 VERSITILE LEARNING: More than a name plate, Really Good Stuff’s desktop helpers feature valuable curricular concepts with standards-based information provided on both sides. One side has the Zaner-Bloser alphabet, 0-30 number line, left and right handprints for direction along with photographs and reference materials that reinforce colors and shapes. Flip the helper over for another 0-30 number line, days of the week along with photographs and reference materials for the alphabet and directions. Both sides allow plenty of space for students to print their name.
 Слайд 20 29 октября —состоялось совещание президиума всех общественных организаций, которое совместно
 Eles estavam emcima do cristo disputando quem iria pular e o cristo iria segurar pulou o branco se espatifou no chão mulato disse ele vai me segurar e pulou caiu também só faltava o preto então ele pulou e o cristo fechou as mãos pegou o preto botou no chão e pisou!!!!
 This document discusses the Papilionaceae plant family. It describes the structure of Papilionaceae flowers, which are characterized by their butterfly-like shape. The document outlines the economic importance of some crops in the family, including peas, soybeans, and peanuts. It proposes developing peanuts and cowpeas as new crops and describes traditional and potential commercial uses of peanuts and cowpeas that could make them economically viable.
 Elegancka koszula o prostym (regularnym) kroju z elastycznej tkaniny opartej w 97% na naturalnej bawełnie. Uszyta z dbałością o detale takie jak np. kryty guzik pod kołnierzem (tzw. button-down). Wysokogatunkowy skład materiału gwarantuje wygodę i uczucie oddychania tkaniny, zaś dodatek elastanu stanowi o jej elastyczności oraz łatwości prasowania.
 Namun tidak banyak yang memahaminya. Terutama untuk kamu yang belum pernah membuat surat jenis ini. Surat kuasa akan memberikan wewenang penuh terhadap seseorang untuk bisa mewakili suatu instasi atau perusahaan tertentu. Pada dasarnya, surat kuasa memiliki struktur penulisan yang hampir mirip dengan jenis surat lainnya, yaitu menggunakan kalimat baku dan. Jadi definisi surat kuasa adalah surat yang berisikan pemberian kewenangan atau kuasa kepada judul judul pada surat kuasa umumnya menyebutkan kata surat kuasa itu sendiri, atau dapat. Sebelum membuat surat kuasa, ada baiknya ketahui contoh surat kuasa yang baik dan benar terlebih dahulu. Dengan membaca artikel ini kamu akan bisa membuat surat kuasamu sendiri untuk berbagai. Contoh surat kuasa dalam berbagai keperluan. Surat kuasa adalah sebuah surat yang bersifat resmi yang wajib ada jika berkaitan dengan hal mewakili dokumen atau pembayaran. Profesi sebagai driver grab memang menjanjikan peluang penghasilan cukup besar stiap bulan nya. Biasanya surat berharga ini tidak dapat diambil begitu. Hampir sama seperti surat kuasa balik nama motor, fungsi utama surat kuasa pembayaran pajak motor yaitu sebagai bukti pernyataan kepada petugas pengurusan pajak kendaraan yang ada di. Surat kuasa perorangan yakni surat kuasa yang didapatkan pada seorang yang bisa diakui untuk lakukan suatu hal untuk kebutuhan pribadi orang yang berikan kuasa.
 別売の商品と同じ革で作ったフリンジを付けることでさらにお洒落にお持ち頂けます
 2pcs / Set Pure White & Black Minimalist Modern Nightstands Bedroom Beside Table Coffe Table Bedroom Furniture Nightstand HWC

#### [INSTRUCTIONS FOR THE TASK]
Beginning at the line with "This document discusses" and stopping after the line with "Elegancka koszula o", please write out every line of the data above exactly and nothing else.

#### [EXPECTED ANSWER]
 This document discusses the Papilionaceae plant family. It describes the structure of Papilionaceae flowers, which are characterized by their butterfly-like shape. The document outlines the economic importance of some crops in the family, including peas, soybeans, and peanuts. It proposes developing peanuts and cowpeas as new crops and describes traditional and potential commercial uses of peanuts and cowpeas that could make them economically viable.
 Elegancka koszula o prostym (regularnym) kroju z elastycznej tkaniny opartej w 97% na naturalnej bawełnie. Uszyta z dbałością o detale takie jak np. kryty guzik pod kołnierzem (tzw. button-down). Wysokogatunkowy skład materiału gwarantuje wygodę i uczucie oddychania tkaniny, zaś dodatek elastanu stanowi o jej elastyczności oraz łatwości prasowania.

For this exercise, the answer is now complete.